His work has been featured in publications around the globe, including Eye, Étapes, Communication Arts, Print, Creative Review, Visual, Creative Arts, novum, and many others. He is ATypi’s country delegate and a member of the Alliance Graphique Internationale (and the first one for Argentina).

Ben Schott, New York-London

Ben is the bestselling author and designer
of the Schott’s Original Miscellany and Schott’s Almanac series. His most recent book is Schottenfreude, which contains 120 new German words to describe inexpressible moments of human existence: from “kicking through piles of fall leaves” to the “ineffable pleasure of a cool pillow.” Together these books have sold more than 2.5 million copies and have been translated into 21 languages (including Braille).

Born in London in 1974, Ben was educated
at University College School, Hampstead, and Gonville & Caius College, Cambridge, where he read social and political sciences. He graduated in 1996, taking a double first. After a fleeting career at the advertising agency J. Walter Thompson, Ben spent seven years as a professional photographer. He is now a contributing columnist to The New York Times and writes for a variety of publications, including Bon Appétit, The Spectator, and Playboy.

Ben undertakes design and strategic consultancy for a wide range of companies large and small. He divides his time between New York and London, and is married to travel journalist Pavia Rosati.

Read our interview with Ben Schott here.

Janine Vangool, Calgary

Janine is the publisher, editor, and designer
of UPPERCASE, a quarterly print magazine for
the creative and curious. UPPERCASE publishes content inspired by design, typography, illustration, and craft.
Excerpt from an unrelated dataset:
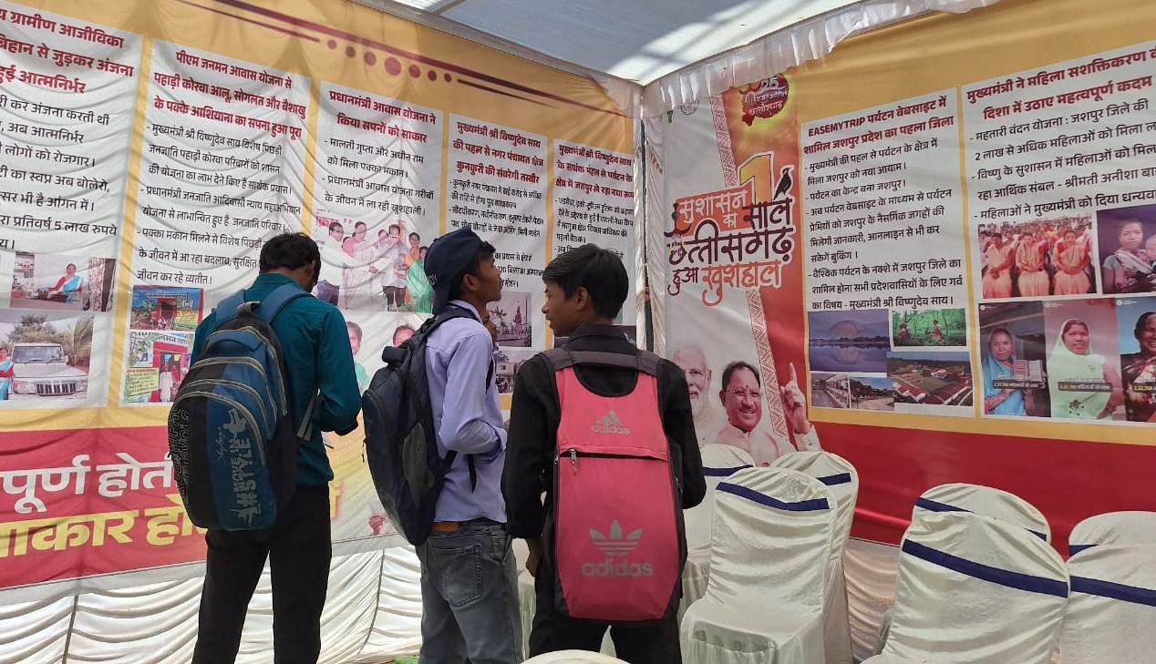 प्रदर्शनी स्थल मे एलईडी स्क्रिन के माध्यम से भी उपलब्धियों की जानकारी दी जा रही है। इसके अलावा पुस्तक, ब्रोसर, बुकलेट का भी वितरण किया जा रहा है। प्रदर्शनी में प्रधानमंत्री जनजाति आदिवासी न्याय महाअभियान योजना से लाभान्वित हुए जनजाति परिवारों भी दर्शाया गया है। प्रधानमंत्री आवास योजना किस तरह से लोगों के पक्के आशियाने को पूरा कर रही है इसे भी प्रदर्शित किया गया है। इसके साथ ही सीएम विष्णुदेव साय का प्रयास से 220 बिस्तर का अस्पताल, 400 केवी विद्युत सब स्टेशन, पर्यटन के क्षेत्र में जशपुर ले रहा नया रूप, एडवेंचर, इको-टूरिज्म टूरिज्म को बढ़ावा देने के उद्देश्य से हुई है मायली नेचर कैंप का किया जा रहा है विकास को भी प्रदर्शित किया गया है।

Her magazine and books celebrate the process of making, the commitment to craft, and the art of living creatively.

Janine got her start working as a freelance graphic designer for arts and culture clients and has taught typography
and publication design at the college level. She has been a shop owner and bookseller, gallery curator, sold a line of greeting cards wholesale, made 10,000 books by hand (with lots of help!), and has sewn her own products for retail. She
has a fondness for typewriters, a passion that has inspired a book about their graphic history.

Her debut fabric collection launched in June 2016 with Windham Fabrics. She is often asked, “Do you ever sleep?”—to which she replies, “Yes! By the end of the day I’m exhausted!” She lives in Calgary, Canada, with her board game–designing husband and curious son.

Here is a link to Janine’s Judges Night talk in New York in January 2017.

Deb Wood, Brooklyn

Deb is a Brooklyn-based art director and book designer.

She has designed an impressive amount of notable books throughout her career, most recently with Abrams, Aperture, Martha Stewart Living Omnimedia, Penguin Random House, Princeton Architectural Press, Rizzoli, and Stewart, Tabori & Chang.

Her work has been recognized in various publications and competitions, including AIGA 365,
50 Books | 50 Covers, Communications Arts, and The New York Times. She was also featured as one of Print Magazine’s New Visual Artists of 2004.

Wood received a Bachelor of Fine Arts from Massachusetts College of Art and Design in Boston. She is married to artist and musician David Konopka. They live in Brooklyn with their dog, Valentino.